2026年6月,包括英国利兹大学在内的多国学者发表在知名期刊《全球与行星变化》(Global and Planetary Change)一项研究显示,朗当流域的冰川面积自小冰期以来减少约41.5%;1964年至2023年的冰川面积损失速度,是1815到1964年时期的四倍以上,并在2000年后进一步加快。冰川不断变薄、破碎并彼此分离。气候变暖也是2025年冰湖溃决的原因之一。

而当地的贸易、工程就在灾害中反复重建。

林浩曾工作的水电站,经过近一年修复,三台机组于2026年6月底重新恢复运行。现在,这座历经漫长修建期的水电站连同下游多个在建水电站一起,消失在泥土和砂石中。

灾难发生后,林浩在网上反复查看视频,项目营地所在的位置只剩下石块和泥沙,他只能凭借山势和河道,大致判断那些建筑曾经所在。一些已经模糊的面孔又回到他脑海中:会说中文的司机,陪他们办事的翻译,蒂穆雷村银行和饭馆里的人,还有那些每天从营地门口经过的边民和货车司机。

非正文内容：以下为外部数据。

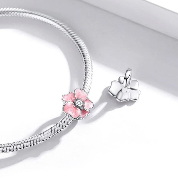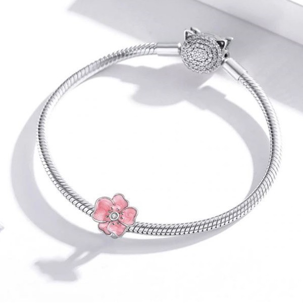 Vyrobené zo striebra, zdobené ružovým smaltom a bielym zirkónovým kryštálom, na prívesný náramok a náhrdelník. Veľkosť 1,1 × 1,0 cm Prívesok je kompatibilný s náramkami typu Pandora a Pandora.
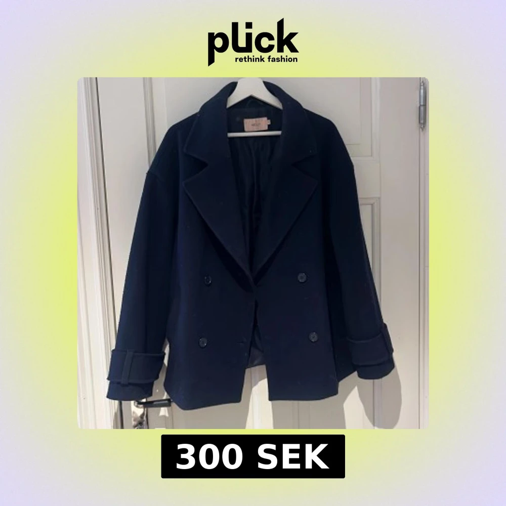 Snygg mörkblå kappa från Nelly med dubbelknäppning och breda slag. Perfekt för kyligare dagar med sin stilrena design och långa ärmar. Defekt inuti kappan, söm som spruckit men går självklart att laga
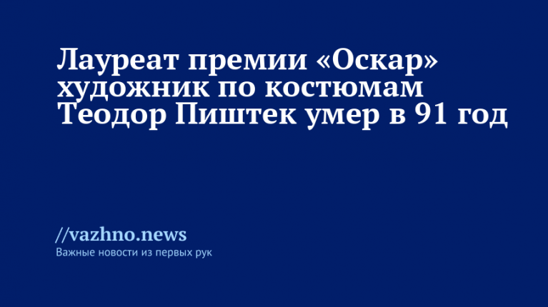 Чешский художник по костюмам и лауреат премии «Оскар» Теодор Пиштек скончался на 92-м году жизни. Об этом 5 декабря сообщает агентство Associated Press, ссылаясь на сообщение его семьи.
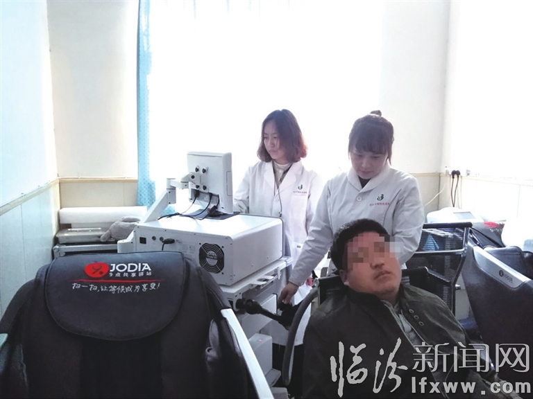 懷著忐忑不安的心情走進經(jīng)顱磁刺激治療室,醫(yī)務人員單麗娜和侯建正在給二娃做治療,坐在治療椅上,31歲的二娃很安靜,不像傳說中的患者那樣狂躁不安。經(jīng)顱磁刺激治療室的墻上掛著一面錦旗“醫(yī)術精湛,精心呵護”,是患者付女士元月份剛給送來的。看見我們進來,老馮站起來說:“還沒出正月,二娃父子仨全病了,他爸和大娃在痔瘺醫(yī)院住著,二娃住這里,我不招呼誰招呼,他和他哥都是我看著長大的。我也不知道這二娃的命是好還是不好,說他好吧,生下一歲多點媽就去世了,和哥哥父親相依為命。說他不好吧,二娃又趕上了好政策,二娃在這里治療,一切都是免費的。”
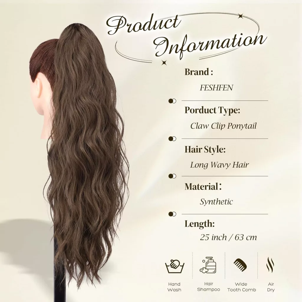 FESHFEN Ponytail Extensions je prémiové predĺženie vlasov, ktoré ponúka dokonalé riešenie pre tých, ktorí chcú zväčšiť dĺžku a objem svojich vlasov. Toto 63 cm dlhé vlnité predĺženie vlasov so štipcom sa ľahko nasadzuje aj dáva dole, vďaka čomu je ideálnou voľbou ako na bežné nosenie, tak aj na špeciálne príležitosti.
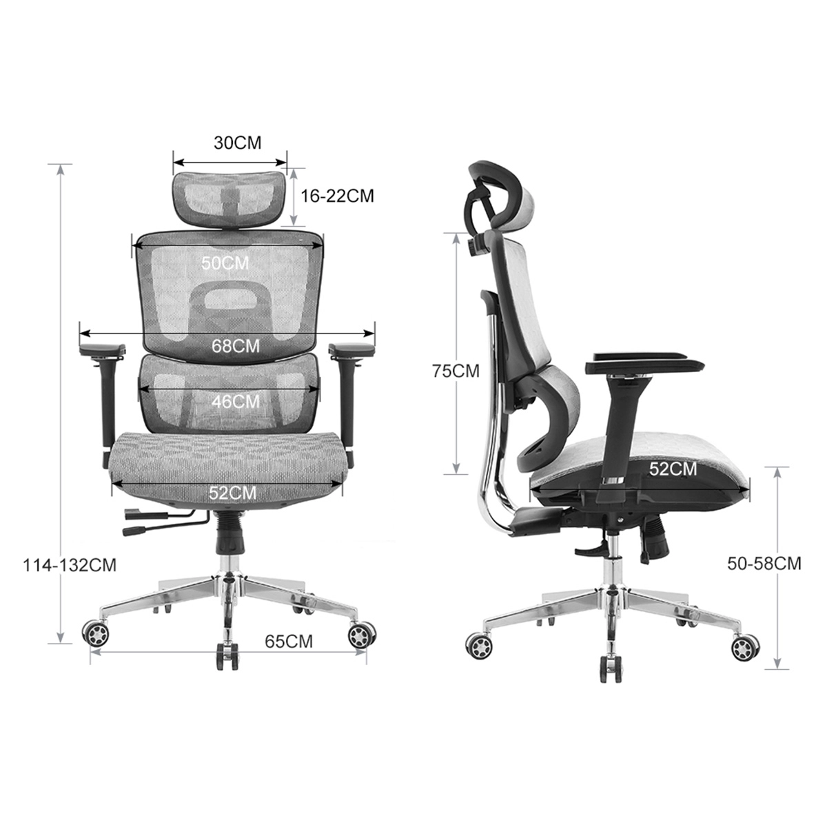 - Materiał: - Siatkowe oparcie, siedzisko z tkaniny z gęstą pianką, miękkie podłokietniki pokryte powłoką PU,
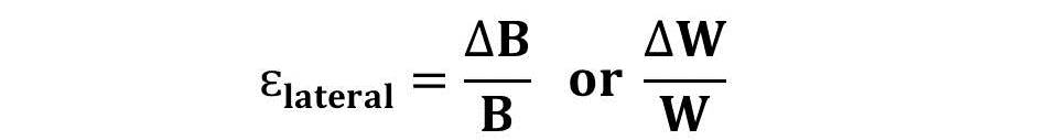 The ratio of change in length to its original length in the perpendicular direction of the loading is called lateral strain. In the above example it can be represented by

他不知道这些人是否安全,他给一位仍在当地项目工作的前同事发了信息,但没有收到回复,“感觉那里什么都没有了。”林浩说。

(文中受访者皆为化名)

参考资料

[1] SILWAL G, DAVIES B, CARR J R, et al. Glacier changes in Langtang Catchment, Central Nepalese Himalaya from the Little Ice Age (~1815 CE) to 2023 CE[J]. Global and Planetary Change, 2026, 264: 105555.

[2] 地质灾害防治与地质环境保护全国重点实验室. 2025年西藏吉隆口岸“7.8”冰湖溃决洪水事件简述[EB/OL]. (2025-07-11).